Recently, Kansas enacted Senate Bill 367 into law which attempts to approach all juvenile offenders in a "cookie cutter" manner. This approach is a disservice to each juvenile whose underlying issues differ from one offender to another. Each participant in the system, judges, prosecutors, attorneys, officers and family members, must be considered uniquely and individually.
Having had the honor of serving on the Kansas Sentencing Commission from 2007 through 2012, I fully understand how the Kansas Sentencing Guidelines were created and implemented to make prison population predictable and manageable. Prisons should not be used to "warehouse" people that the court is simply frustrated with. Prison should be reserved for violent offenders and offenders who continue to pose a threat to society. The recent implementation of specialty courts (drug, veteran, persistent mental illness) around the country are attempting to bring this philosophy to fruition. While the results so far are mixed, the specialty courts should continue to be explored to determine if they can be successful in diverting persons from our prison system who do not need to be in prison.

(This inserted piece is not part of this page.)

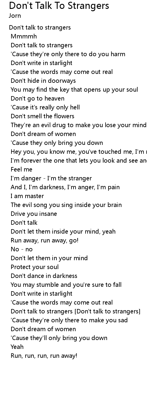 | Don't talk to strangers [Don't talk to strangers] | |

If elected, I will use my legal experience and life experience to look at each person being sentenced and, in accordance with the law, determine which defendants pose a danger to society, and which do not.

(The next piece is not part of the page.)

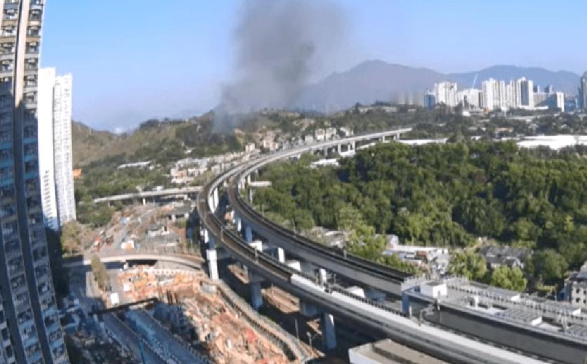 今午2时许,香港天水围虾尾新村对开山头发山火,多名居民报案。截至下午5时,现场有3条火线,其中一条一度长达50米,消防及飞行服务队出动直升机扑救。 从网上图片及片段可见,远处山头黑烟徐徐冒出,席卷半空。
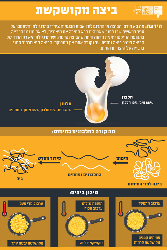 לסיכום, נראה פשוט לשבור ביצה במחבת חמה ולאחר חמש דקות ליהנות מביצה מקושקשת קרמית ועסיסית. אבל הבנה מדעית של התהליכים המתרחשים יובילו לקבלת המקושקשת הרצויה לנו.

One of the hallmarks of American jurisprudence is "justice for all." It is the duty of judges to remain vigilant to the possibility of inequalities that may occur in the justice system that could result in justice not being achieved. If an inequality is observed that can be corrected by the court, the court should correct it. Every litigant that appears before a court has the right to expect the judge to be neutral, independent, impartial, whose integrity cannot be questioned. Proper court procedure requires a fair hearing before a qualified and independent judge who has the ability to fairly assess the merits of the case without prejudice or bias. I believe my years of experience in the law and life will allow me to be such a judge.

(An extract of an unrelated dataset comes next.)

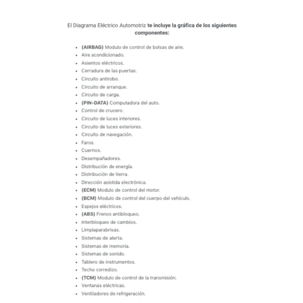 El Diagrama Eléctrico Automotriz te incluye la gráfica de los siguientes componentes:
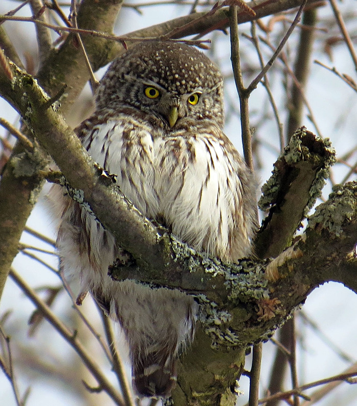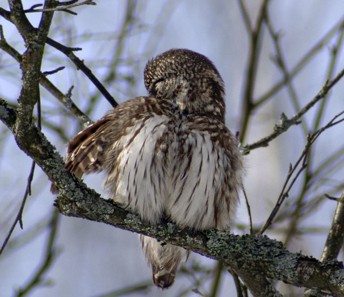 И у неё это довольно скоро получилось. На радость мне, так как сел сычик куда-то в нижний ярус. Ещё оттого радостно, (если я, конечно, не ошибаюсь), что белоспинного дятла я раньше не встречал. Но он высоко, а сычик теперь низко, пойду его искать.

The recent COVID-19 pandemic has forced the courts to embrace technology as never before. The use of Zoom and other teleconference platforms, which allow litigants and witnesses to appear in court without physically traveling to court, and streaming it live by YouTube and other video broadcasting platforms has increased judicial transparency. The technology exists to give each judge his own channel which allows hearings to be live-streamed to the public, making court hearings more accessible than ever before. This allows victims, family members and other interested persons to only take the necessary time to view the hearing, and not have to travel to and from the courtroom. Judges should work with the Office of Judicial Administration (OJA) and the Kansas Supreme Court to continue to embrace this technology after the COVID-19 pandemic subsides. If elected, I would encourage OJA and the Supreme Court to do so.